▸ Description of the task: Exercise in exact copying: restate word for word only the lines below from the one containing "The program most" through the one containing "- Sheath: Hand-carved, hand-dyed", omitting any pictures.

▸ Available data:
■ ■ ■ ■ ■ ■ ■

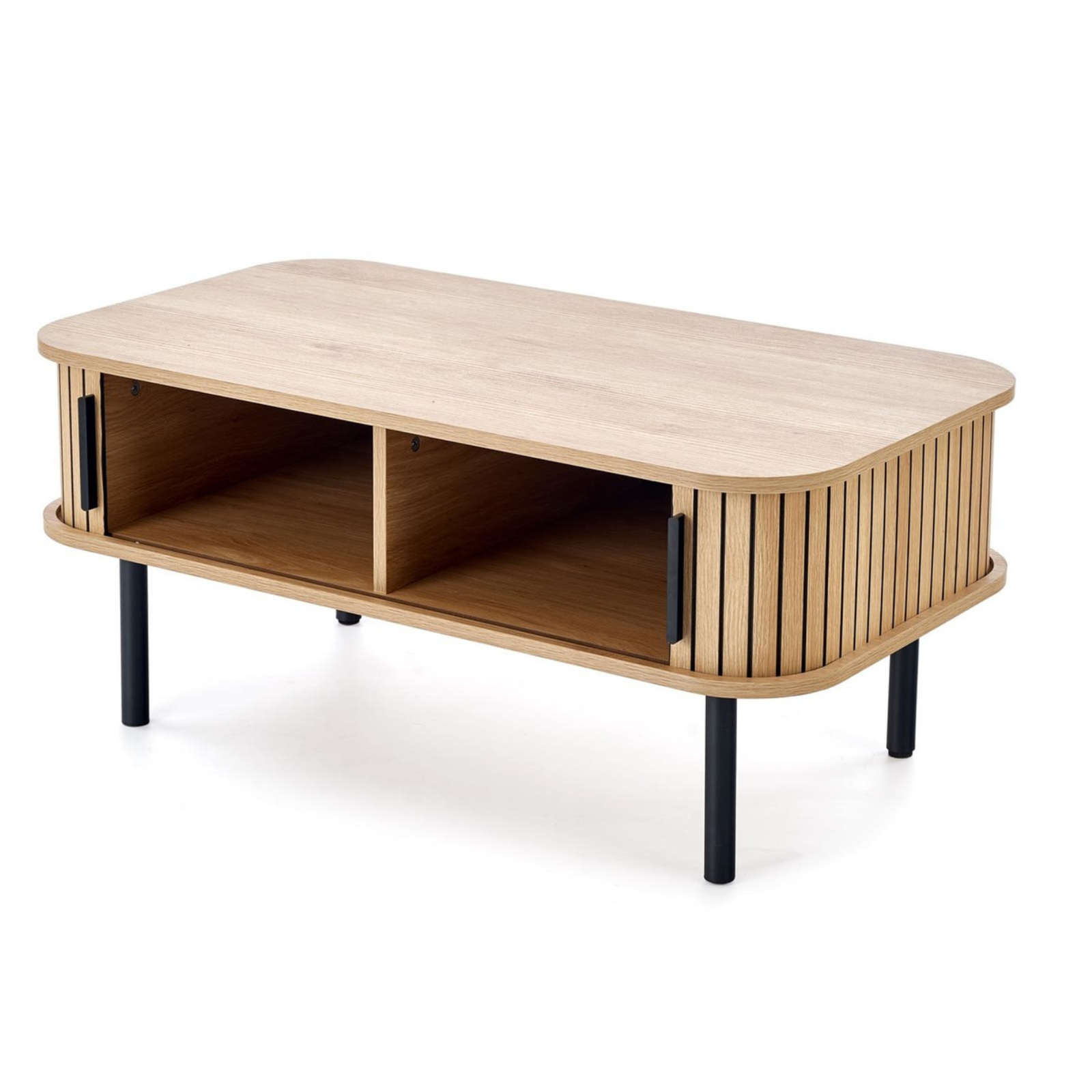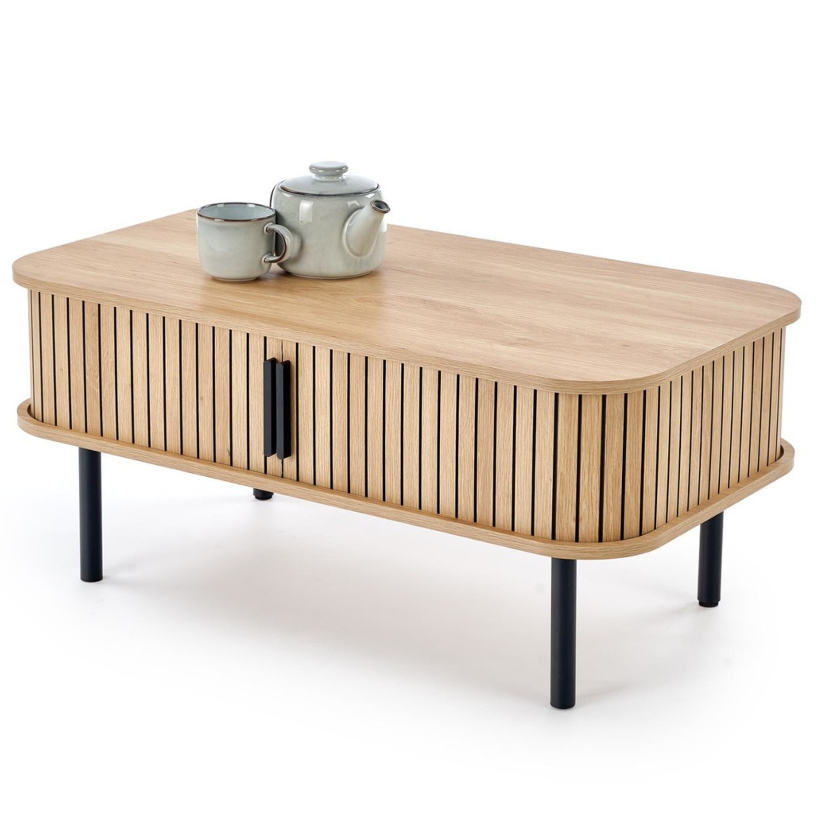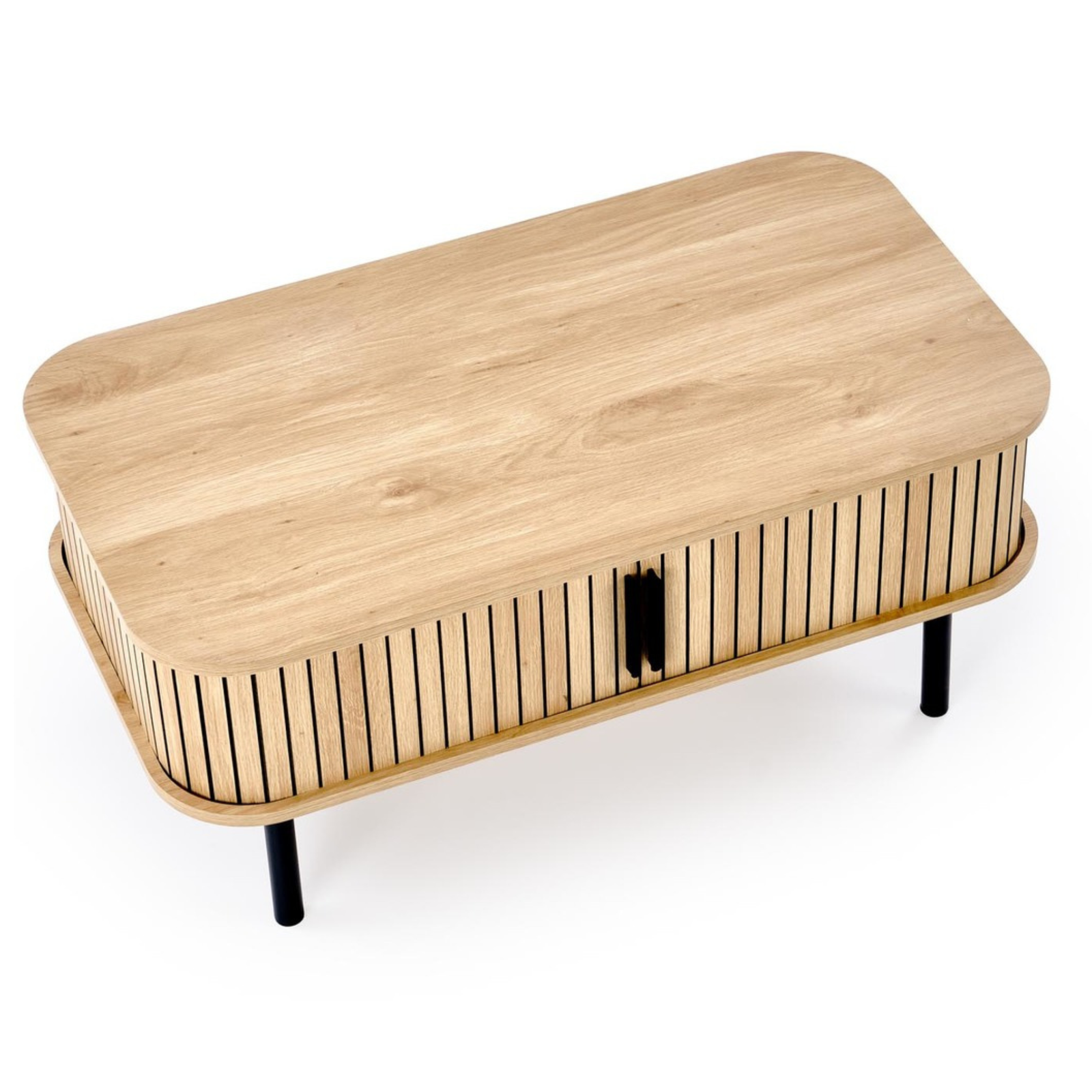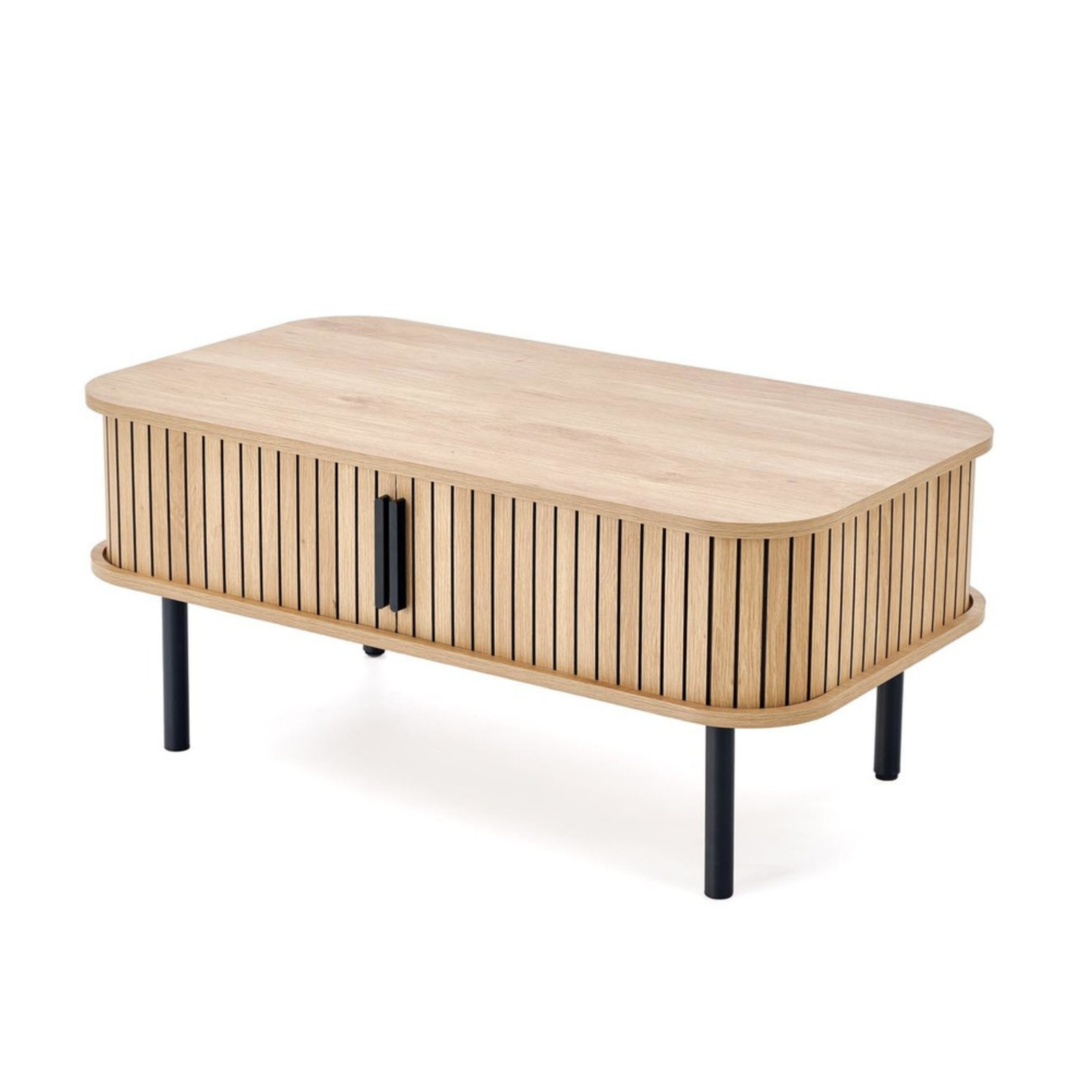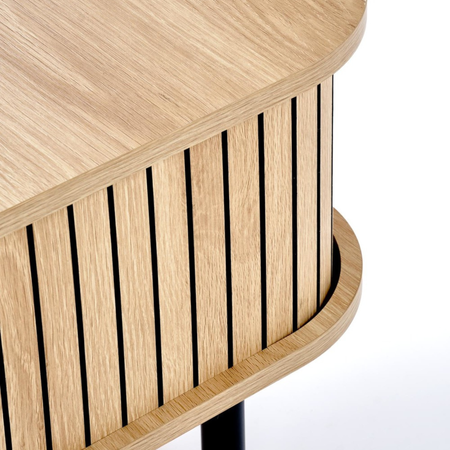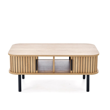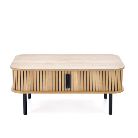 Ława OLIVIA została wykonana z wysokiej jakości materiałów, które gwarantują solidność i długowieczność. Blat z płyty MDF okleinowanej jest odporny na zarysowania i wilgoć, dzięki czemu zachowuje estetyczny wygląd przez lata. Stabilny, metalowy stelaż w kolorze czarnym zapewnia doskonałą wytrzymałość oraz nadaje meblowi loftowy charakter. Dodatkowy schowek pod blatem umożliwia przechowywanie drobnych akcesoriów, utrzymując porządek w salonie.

■ ■ ■ ■ ■ ■ ■

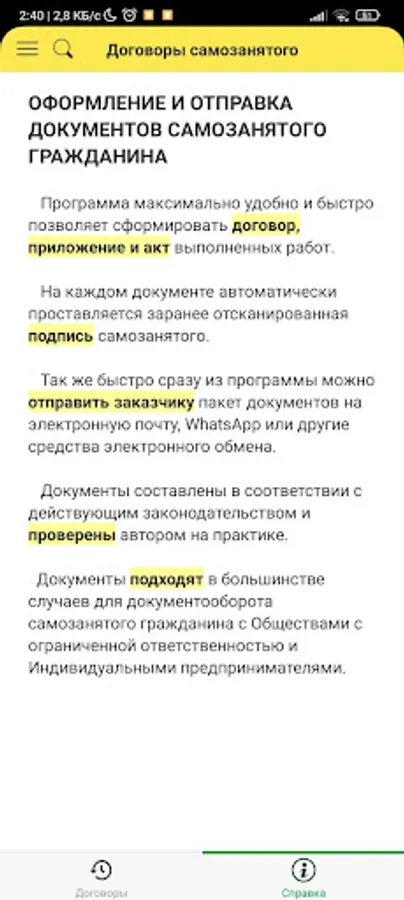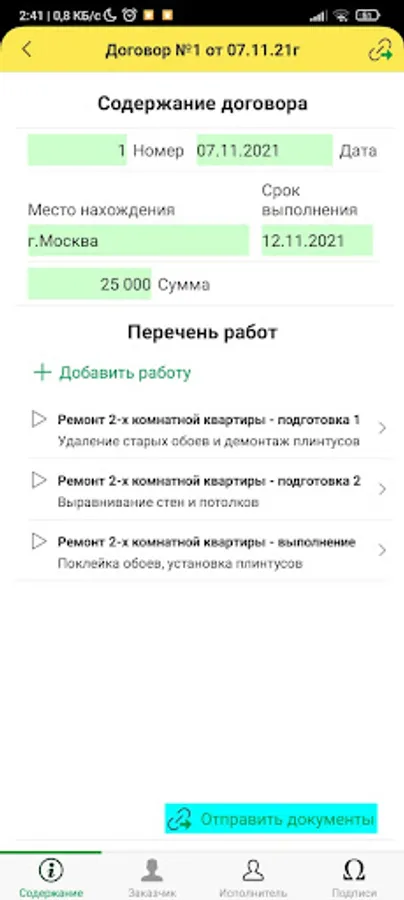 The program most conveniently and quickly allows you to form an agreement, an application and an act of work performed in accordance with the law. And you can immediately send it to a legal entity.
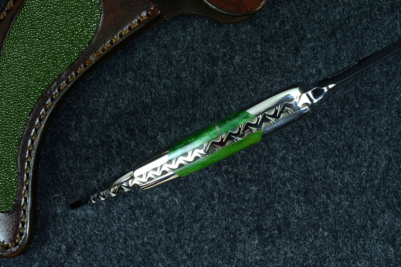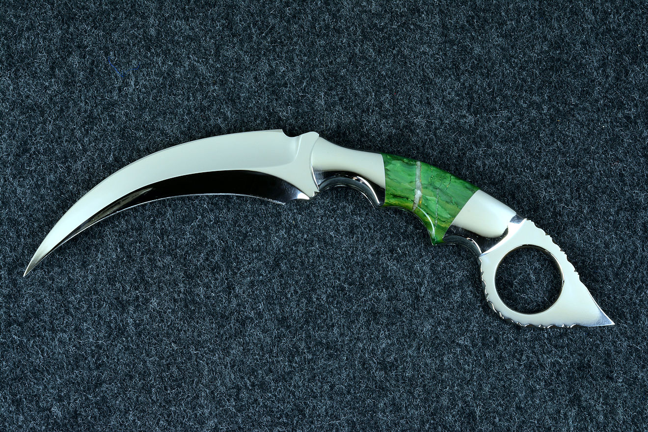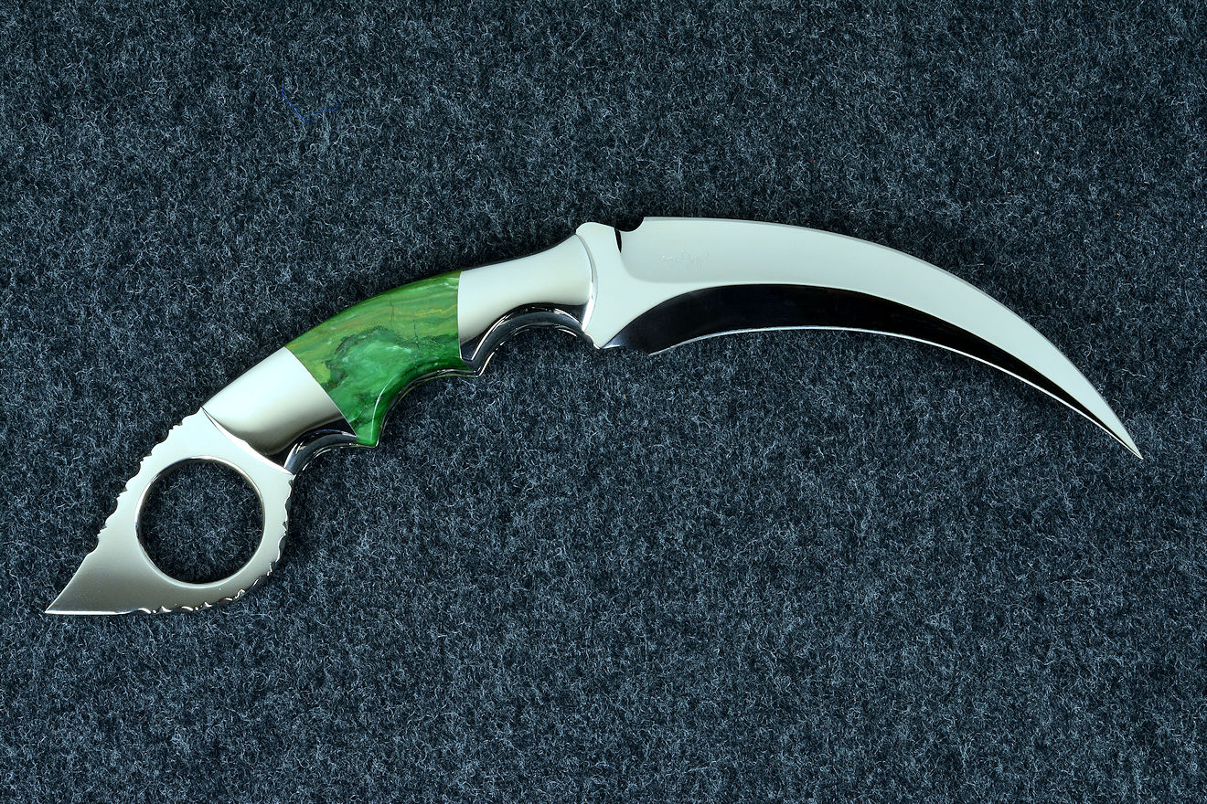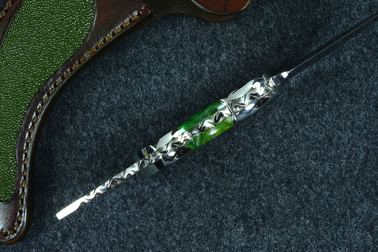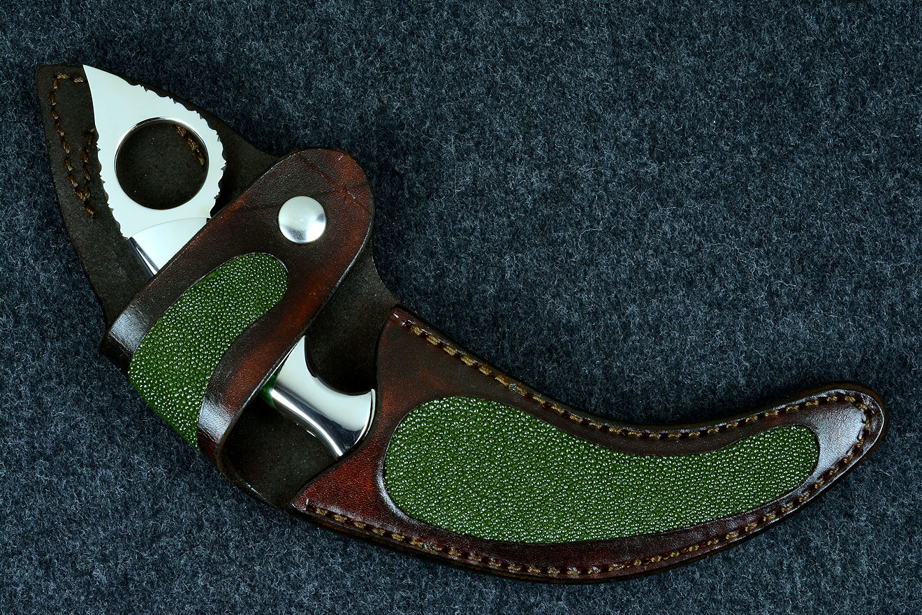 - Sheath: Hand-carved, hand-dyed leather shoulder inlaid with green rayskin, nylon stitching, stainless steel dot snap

■ ■ ■ ■ ■ ■ ■

▸ Reply:
 The program most conveniently and quickly allows you to form an agreement, an application and an act of work performed in accordance with the law. And you can immediately send it to a legal entity.
 - Sheath: Hand-carved, hand-dyed leather shoulder inlaid with green rayskin, nylon stitching, stainless steel dot snap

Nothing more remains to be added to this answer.